Your task is to copy the data exactly while leaving out every picture.

Data segment

'''

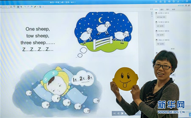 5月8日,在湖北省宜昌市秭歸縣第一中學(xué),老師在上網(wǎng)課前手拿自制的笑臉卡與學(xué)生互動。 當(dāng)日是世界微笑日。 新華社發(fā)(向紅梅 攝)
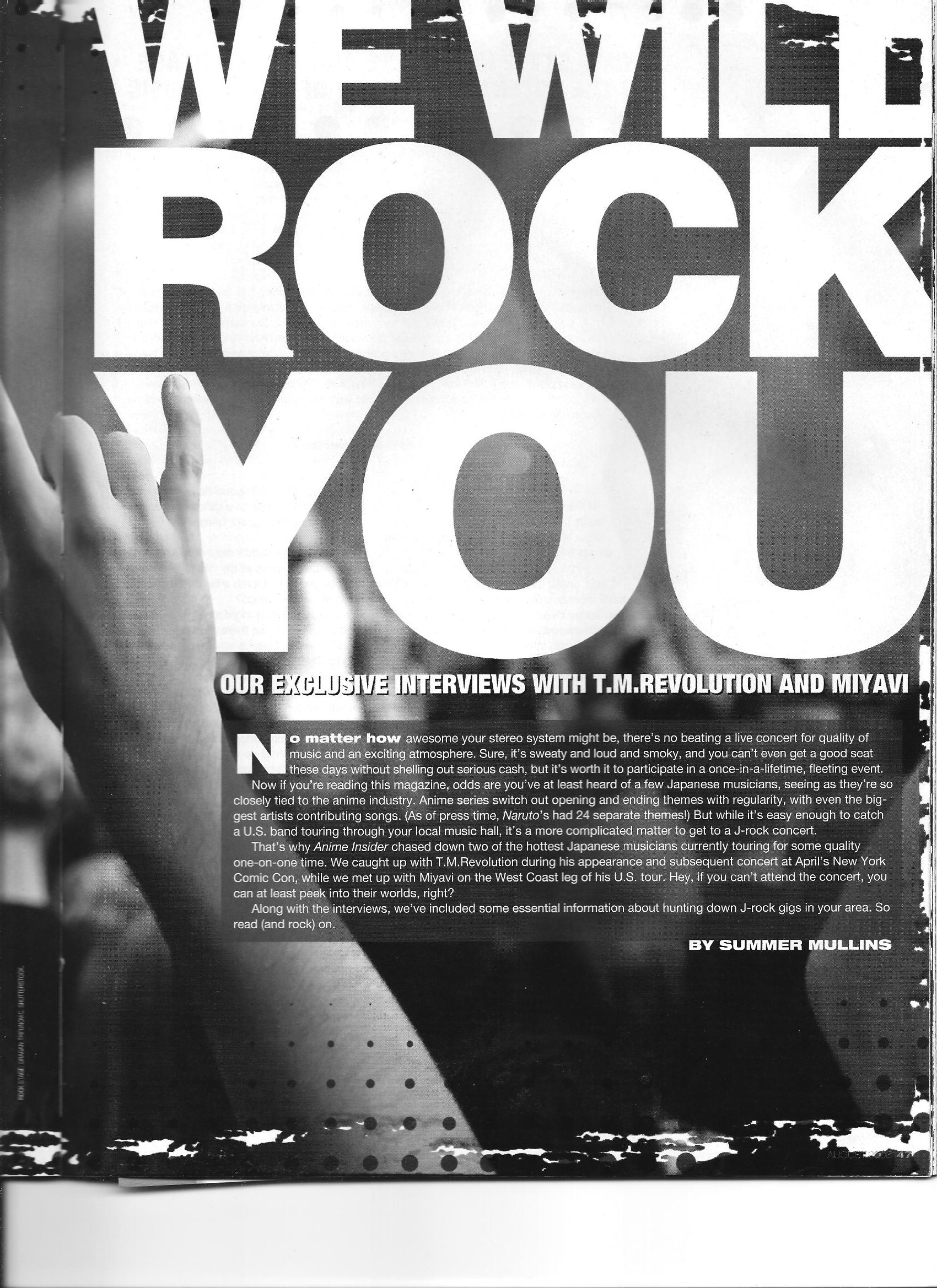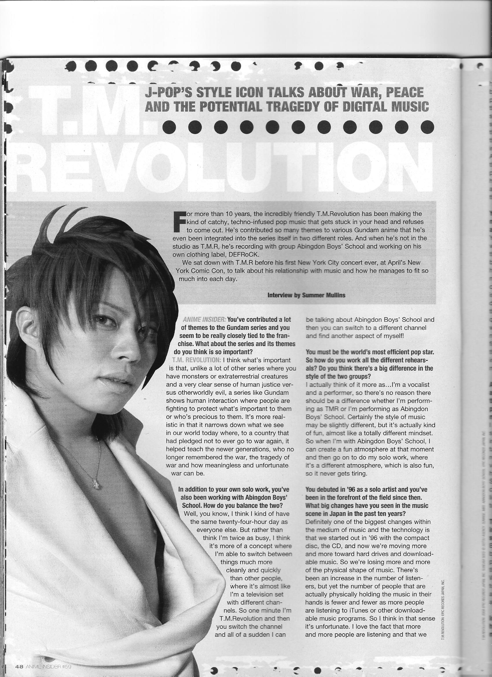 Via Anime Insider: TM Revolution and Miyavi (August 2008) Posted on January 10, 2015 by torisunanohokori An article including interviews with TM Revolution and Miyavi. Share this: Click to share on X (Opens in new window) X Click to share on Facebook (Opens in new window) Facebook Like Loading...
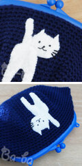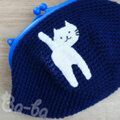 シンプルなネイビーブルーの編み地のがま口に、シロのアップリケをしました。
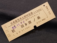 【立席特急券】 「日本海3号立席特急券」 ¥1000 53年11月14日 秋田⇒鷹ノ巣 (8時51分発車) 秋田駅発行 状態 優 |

'''

Output below
 5月8日,在湖北省宜昌市秭歸縣第一中學(xué),老師在上網(wǎng)課前手拿自制的笑臉卡與學(xué)生互動。 當(dāng)日是世界微笑日。 新華社發(fā)(向紅梅 攝)
 Via Anime Insider: TM Revolution and Miyavi (August 2008) Posted on January 10, 2015 by torisunanohokori An article including interviews with TM Revolution and Miyavi. Share this: Click to share on X (Opens in new window) X Click to share on Facebook (Opens in new window) Facebook Like Loading...
 シンプルなネイビーブルーの編み地のがま口に、シロのアップリケをしました。
 【立席特急券】 「日本海3号立席特急券」 ¥1000 53年11月14日 秋田⇒鷹ノ巣 (8時51分発車) 秋田駅発行 状態 優 |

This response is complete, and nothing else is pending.